Par jugement du 18 novembre 2016, le tribunal de commerce de Thonon-les-Bains a placé la société Hacoldis, en redressement judiciaire.
Par jugement du 20 janvier 2017, le tribunal de commerce de Thonon-les-Bains a prononcé la liquidation judiciaire de la société Hacoldis.
La société Eurofood a déclaré sa créance d’un montant de 99.849,82 euros au passif de la société Hacoldis auprès du mandataire judiciaire désigné à cet effet, Me [D] [L], une première fois, le 12 janvier 2017 à la suite du jugement d’ouverture de la procédure de redressement judiciaire, puis une deuxième fois, le 20 mars 2017 à la suite du jugement d’ouverture de la liquidation judiciaire.
Aux termes du procès-verbal de constat d’huissier en date du 4 septembre 2017, le liquidateur judiciaire a reconnu l’existence d’une créance de la société Eurofood à l’égard de la société Hacoldis et l’enregistrement de cette créance au passif de la société en difficultés.

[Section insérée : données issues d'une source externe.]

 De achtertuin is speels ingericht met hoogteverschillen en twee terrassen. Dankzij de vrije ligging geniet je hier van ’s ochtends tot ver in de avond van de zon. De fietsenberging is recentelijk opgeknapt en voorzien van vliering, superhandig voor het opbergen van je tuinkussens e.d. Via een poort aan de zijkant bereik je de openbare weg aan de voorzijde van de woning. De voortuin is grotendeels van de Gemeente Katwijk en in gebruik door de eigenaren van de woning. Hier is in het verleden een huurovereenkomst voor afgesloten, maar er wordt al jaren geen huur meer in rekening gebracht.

Le 28 juillet 2018, la liquidation judiciaire a été clôturée pour insuffisance d’actif.
Par actes des 28 novembre et 27 décembre 2019, la société Eurofood a assigné M. [T] et [S] [O] devant le tribunal de grande instance de Thonon-les-Bains, notamment aux fins de les voir condamner solidairement à lui payer la somme de 99.849,82 euros à titre de dommages et intérêts en réparation du préjudice causé par le non-paiement de la dette.

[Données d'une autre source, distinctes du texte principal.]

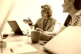 Mature business woman discussing a project with her team in an office
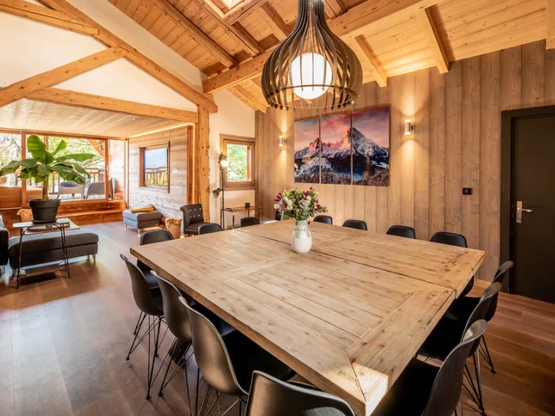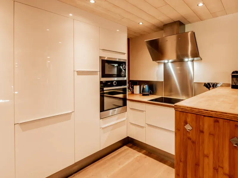 14-person duplex 180m². 5 bedrooms, 2 balconies. South-facing, views over the entire valley.Fully-equipped kitchen opening onto living room: fridge, oven, microwave, hood, ceramic hob, toaster, electric kettle, blender, juicer, Nespresso and filter coffee machines, dishwasher, washing machine and dryer. Two raclette and two fondue machines.
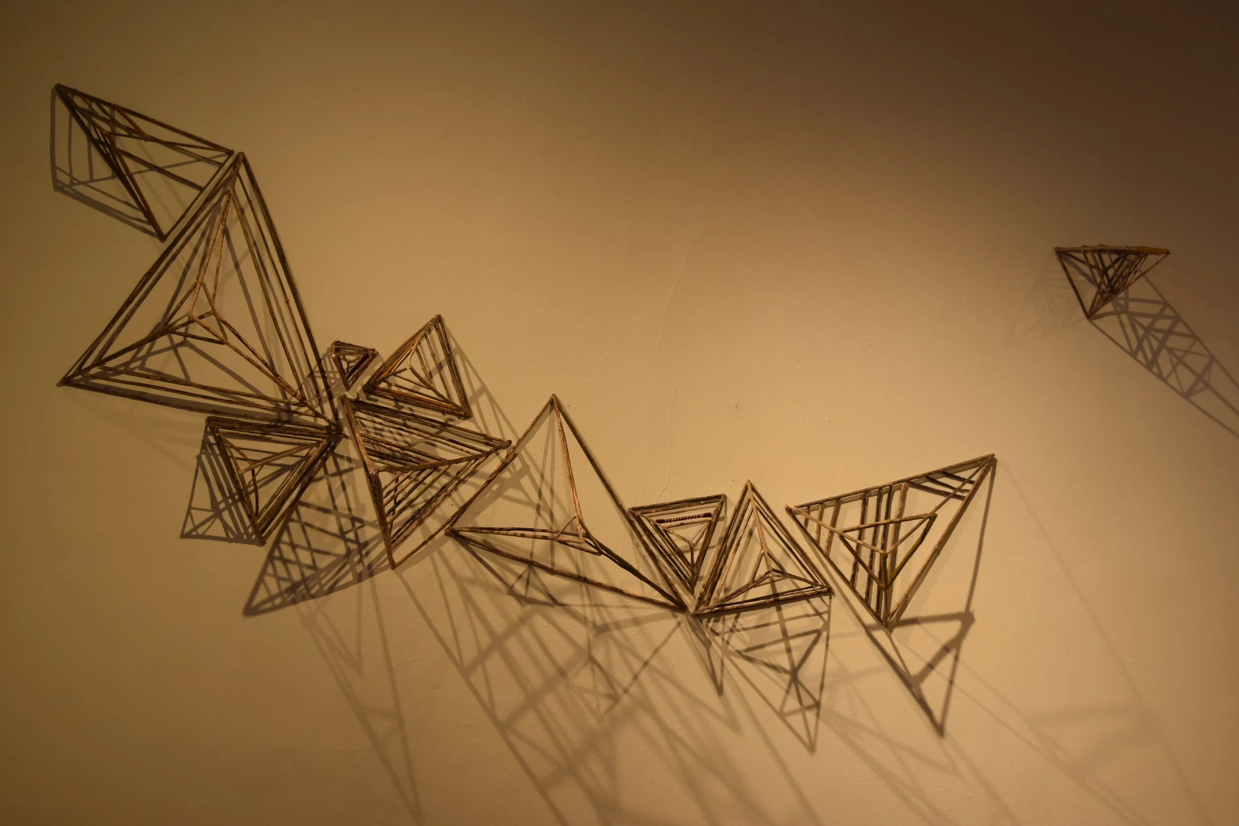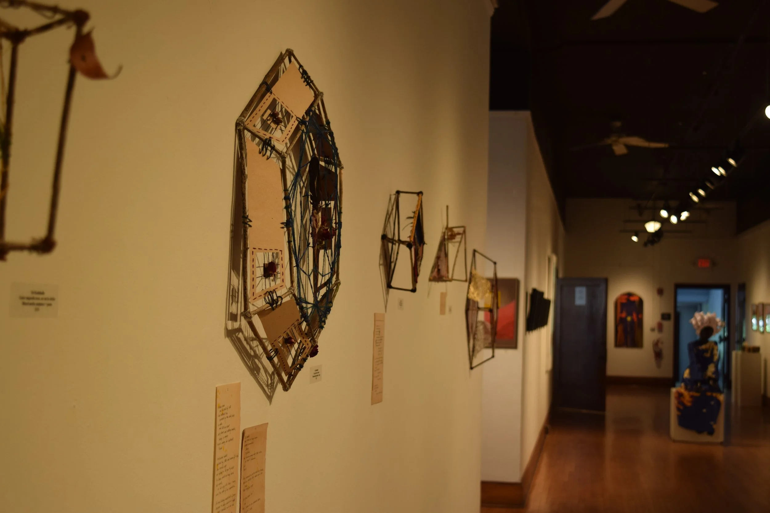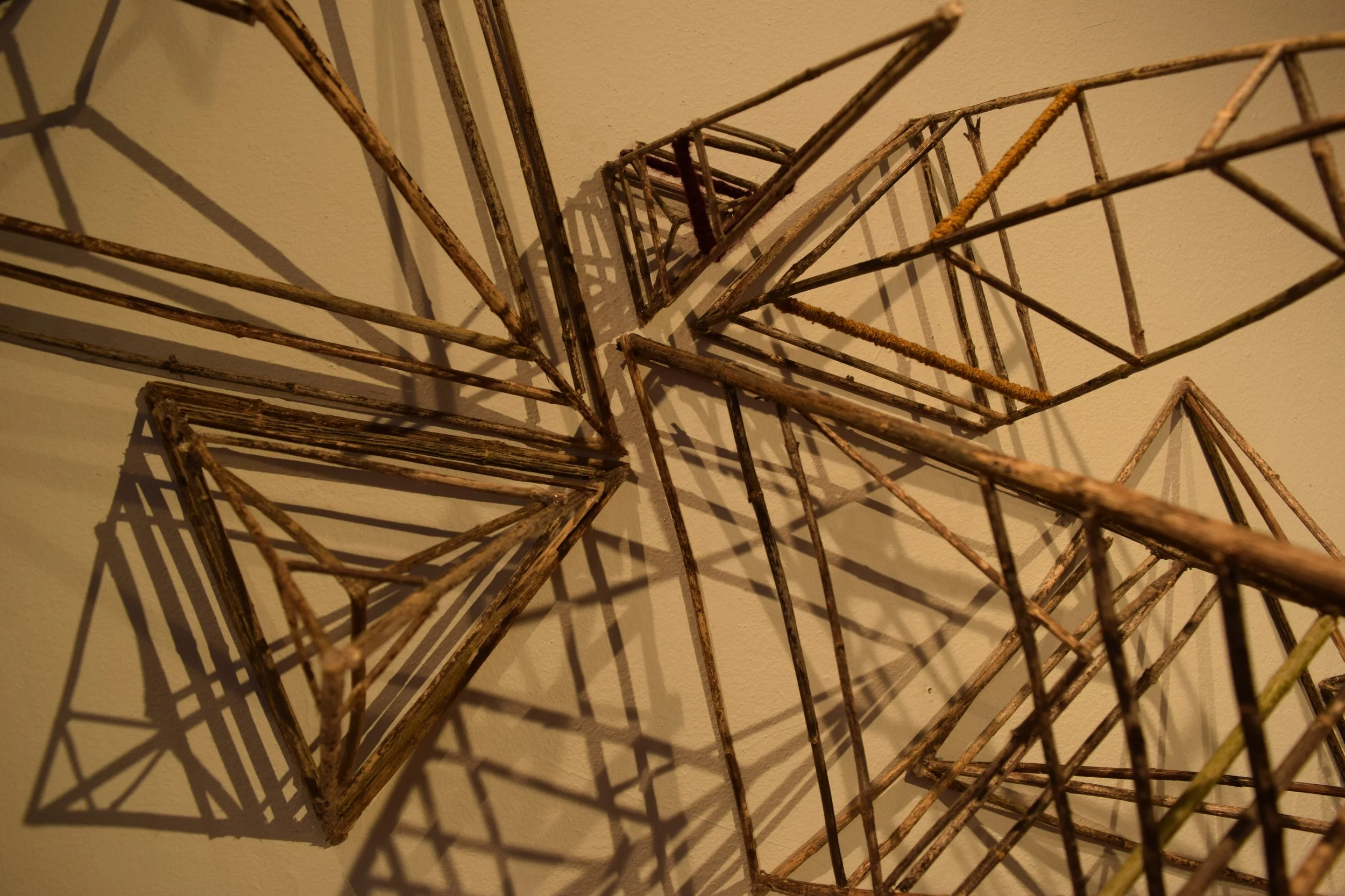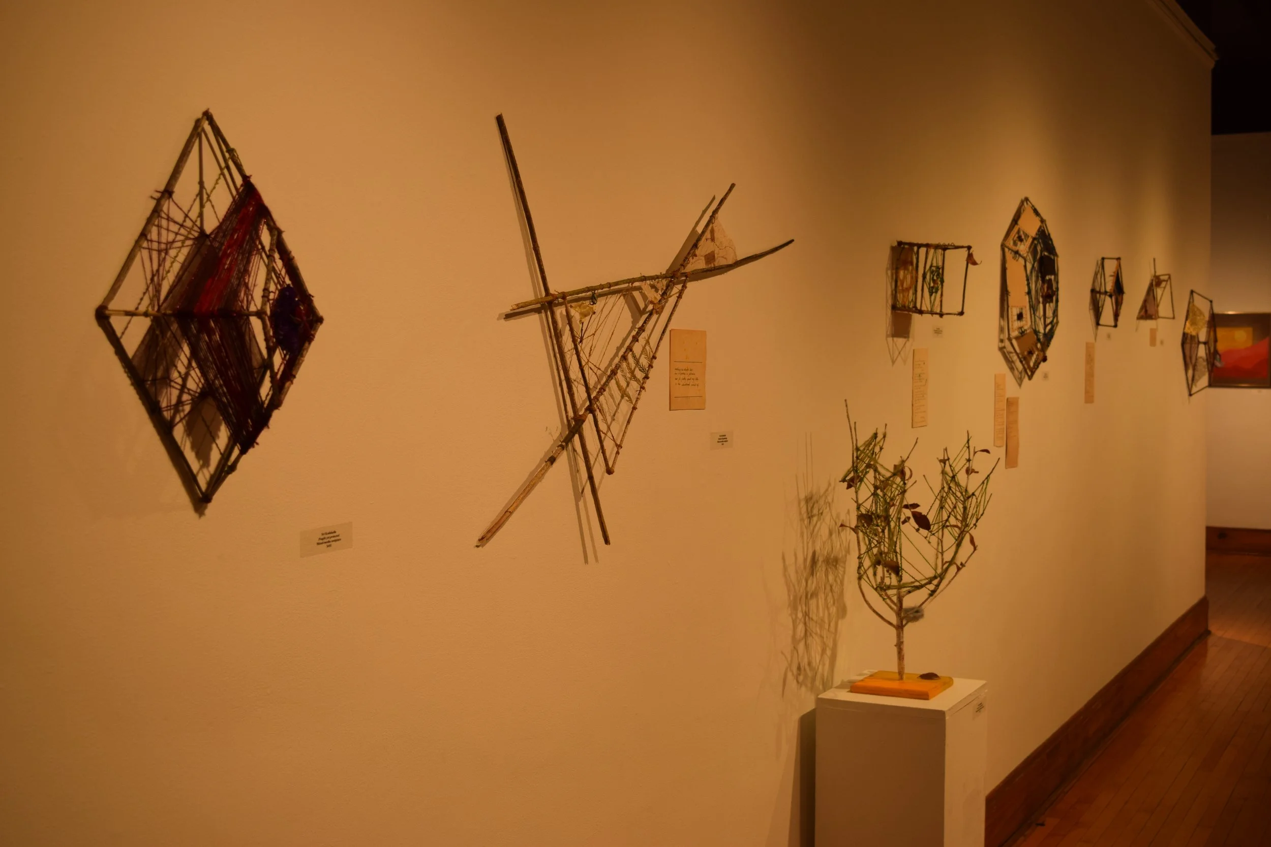 Many of the sculptural works created in 2019 were developed during my time in the McGuffey Incubator residency program. With access to a larger working studio space, my work shifted into mixed-media artforms consisting of found and dried natural ephemera as the source subject. These works created a juxtaposition of sculpture and fiber art with my love of storytelling. The delicate and ephemeral pieces hope to share a personal narrative of my life experience, by combining elements of the natural world with engineered geometric structures. I was drawn to creating shapes, while exploring the fluidity and spontaneity of natural found materials.

Par jugement du 5 juillet 2022, le tribunal de grande instance de Thonon-les-Bains, devenu le tribunal judiciaire, avec le bénéfice de l’exécution provisoire, a :
— Déclaré recevable l’action engagée par la société Eurofood à l’encontre de MM. [S] et [T] [O] ;
— Débouté la société Eurofood de l’ensemble de ses demandes ;
— Dit n’y avoir lieu à condamnation au titre des frais irrépétibles ;
— Condamné la société Eurofood aux dépens.
Par déclaration au greffe du 27 juillet 2022, la société Eurofood a interjeté appel de la décision en toutes ses dispositions hormis en ce qu’elle a déclaré recevable l’action engagée par la société Eurofood à l’encontre de MM. [S] et [T] [O].

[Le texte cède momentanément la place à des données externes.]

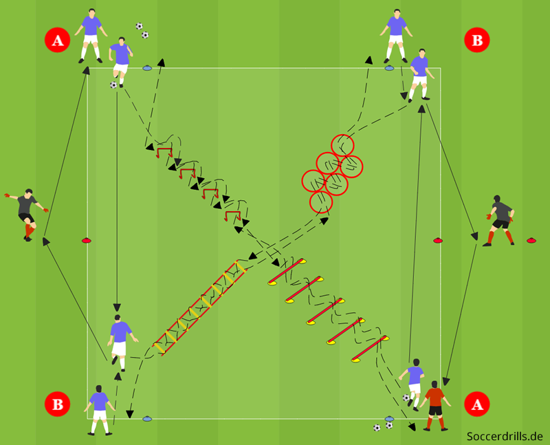 Bereits beim leichten Aufwärmen arbeiten wir mit einem kleinen, aber effektiven Koordinations- und Technikparcours. Der Parcours wurde so konzipiert, dass Torhüter integriert werden können. Es geht natürlich auch ohne Torhüter, dann werden diese durch Spieler ersetzt.
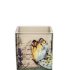 A decorative square glass vase featuring a soft butterfly and botanical design, perfect for romantic and garden-style arrangements.
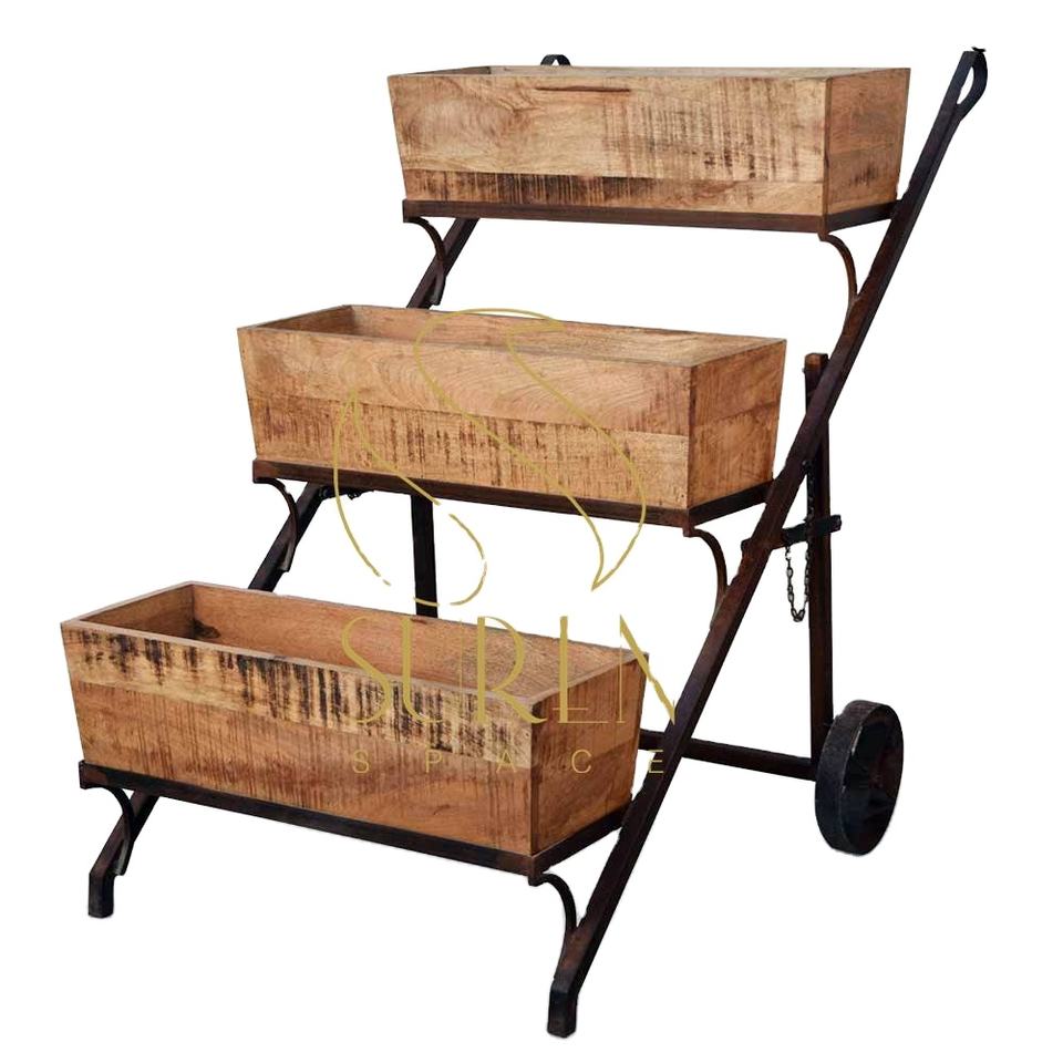 Indian Handcrafted Wooden Iron Wheel Trolley Industrial Design for Hotels Resorts Home Furniture Living Room for Vegetables

Prétentions et moyens des parties
Par dernières écritures du 5 juillet 2023, régulièrement notifiées par voie de communication électronique, la société Eurofood sollicite l’infirmation des chefs critiqués de la décision et demande à la cour de :
Statuant à nouveau,
— Dire et juger que M. [T] [O], en sa qualité de gérant de fait de la société Hacoldis, a commis des fautes constitutives d’infractions pénales et des fautes de gestion ;
— Dire et juger que la responsabilité civile de M. [T] [O] doit être engagée ;
— Dire et juger que M. [S] [O], en sa qualité de gérant de droit de la société Hacoldis, a commis des fautes constitutives d’infractions pénales et des fautes de gestion;
— Dire et juger que la responsabilité civile de M. [S] [O] doit être engagée ;
— Condamner solidairement M. [S] [O] et M. [T] [O] à payer à la société Eurofood les sommes suivantes :
— 99.849,82 euros à titre de dommages et intérêts en réparation du préjudice causé par le non-paiement de la dette ;
— 10.000 euros à titre de dommages et intérêts ;
— 2.500 euros au titre de l’article 700 du code procédure civile ;
— les entiers dépens.
Au soutien de ses prétentions, la société Eurofood fait notamment valoir que :
Elle n’a pas limité son appel aux chefs de jugement critiqués concernant l’absence de condamnation au titre des frais irrépétibles, à sa condamnation aux dépens et à l’application de l’exécution provisoire, mais au contraire elle a interjeté appel total du jugement critiqué en ce qu’il l’a débouté de l’ensemble de ses demandes ;
La déclaration de créance adressée le 12 janvier 2017 vaut acte de poursuite, elle interrompt la prescription de l’action, en vertu de l’article L622-25-1 du code de commerce ;
Elle démontre parfaitement une participation continue et constante de M. [T] [O] dans ses fonctions déterminantes, et, compte tenu de sa qualité de gérant de fait, la responsabilité de la dette incombe à M. [T] [O] par application des dispositions de l’article L241-9 du code de commerce ;
Sa créance n’est que le fruit d’une opération frauduleuse d’encaissement de lettres de change par le gérant de fait de la société débitrice et d’une poursuite d’activité déficitaire par celui-ci, n’ayant eu pour conséquence que d’accroître la dette en cause.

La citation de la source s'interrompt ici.